> Directions for this task:
Everything below from the line with "Castillo Inflable Rosa" through the line with "Women's Organza Printed" should be copied exactly, and nothing else; leave out the pictures.

> Available records:

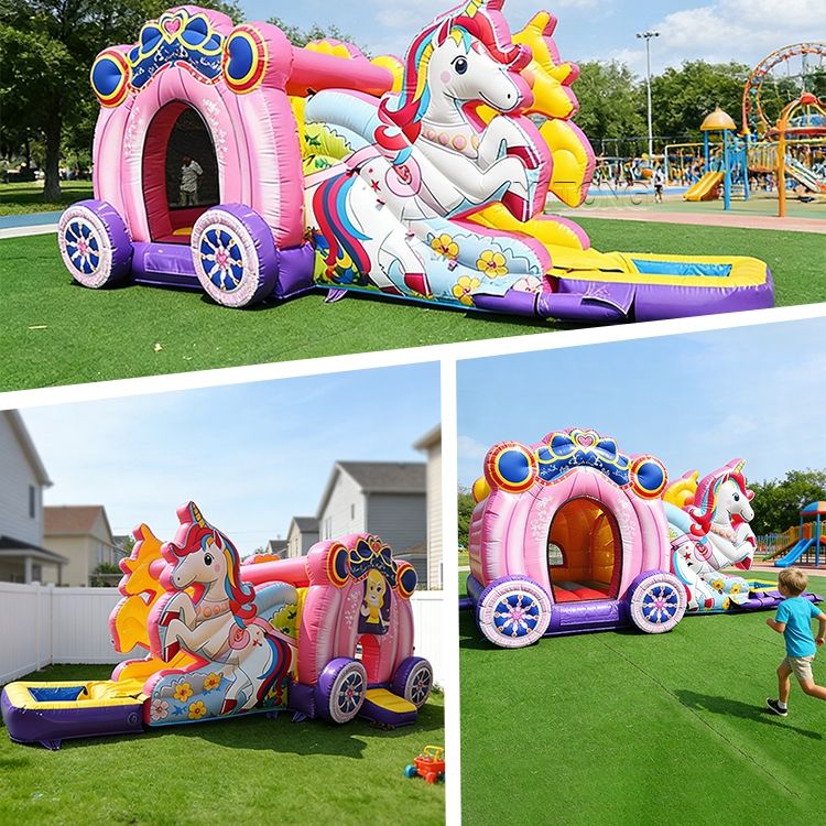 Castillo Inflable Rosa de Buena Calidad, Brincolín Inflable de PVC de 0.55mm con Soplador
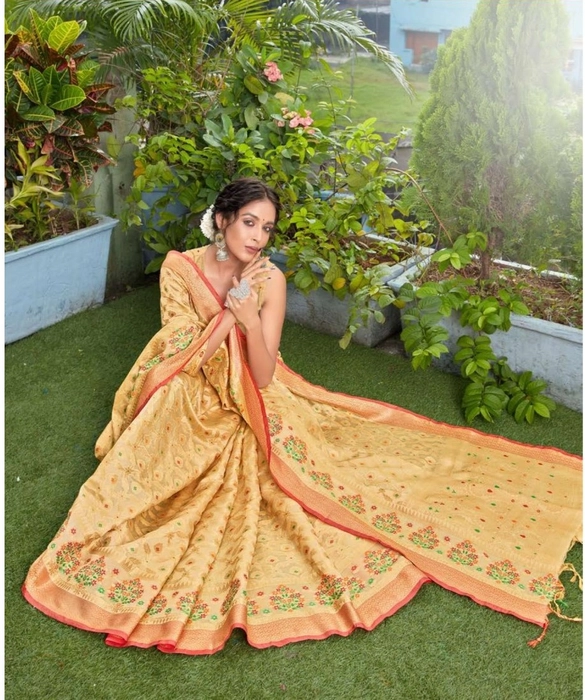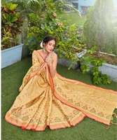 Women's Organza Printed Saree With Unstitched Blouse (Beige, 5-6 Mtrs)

* * *

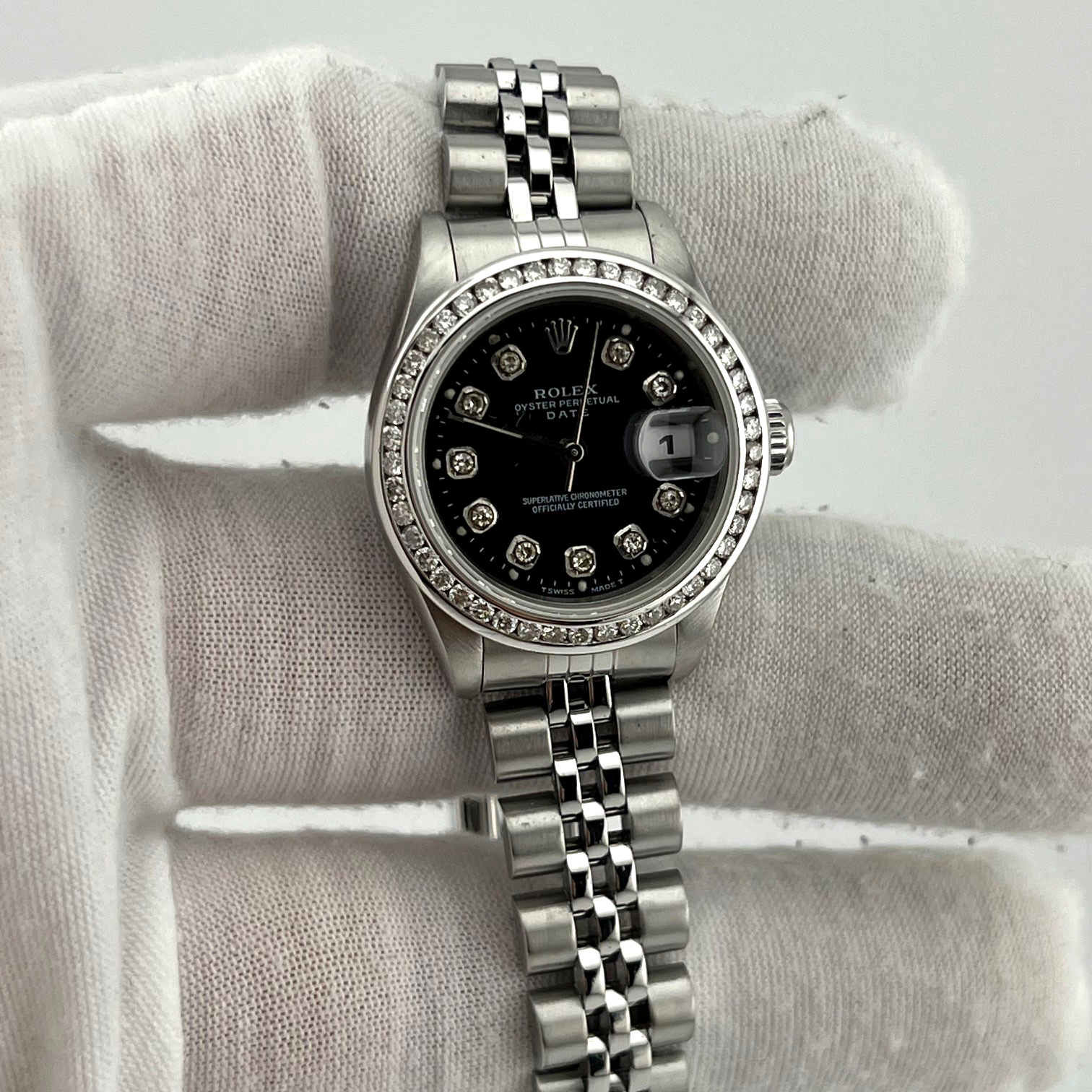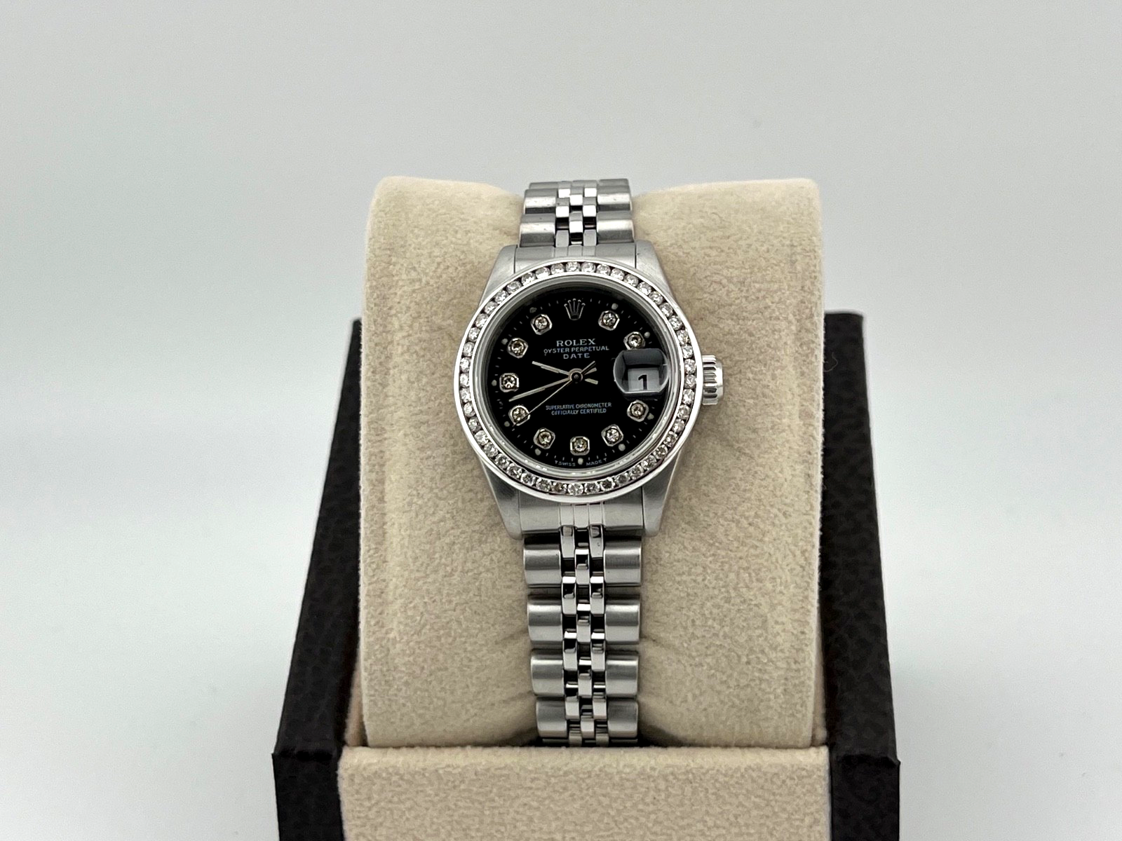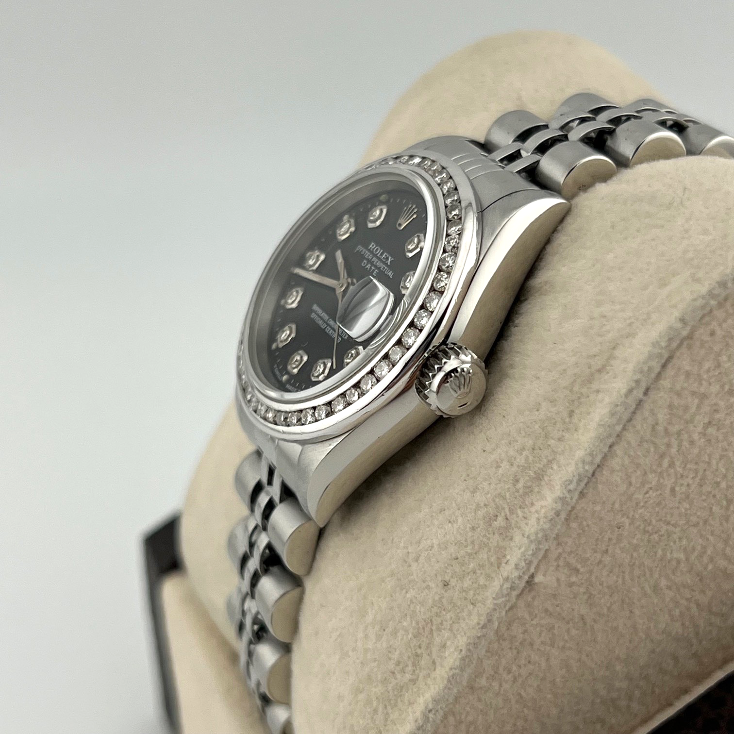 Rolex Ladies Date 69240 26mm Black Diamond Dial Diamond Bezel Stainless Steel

--

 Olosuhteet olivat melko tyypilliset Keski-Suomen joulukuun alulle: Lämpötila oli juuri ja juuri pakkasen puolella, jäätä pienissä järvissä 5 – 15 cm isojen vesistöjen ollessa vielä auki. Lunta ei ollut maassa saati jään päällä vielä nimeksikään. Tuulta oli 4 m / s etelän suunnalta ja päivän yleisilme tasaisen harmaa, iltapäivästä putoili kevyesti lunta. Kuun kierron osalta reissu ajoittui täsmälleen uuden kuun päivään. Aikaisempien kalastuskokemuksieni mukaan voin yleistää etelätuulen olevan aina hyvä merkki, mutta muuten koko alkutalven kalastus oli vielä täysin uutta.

> Response to this task:
 Castillo Inflable Rosa de Buena Calidad, Brincolín Inflable de PVC de 0.55mm con Soplador
 Women's Organza Printed Saree With Unstitched Blouse (Beige, 5-6 Mtrs)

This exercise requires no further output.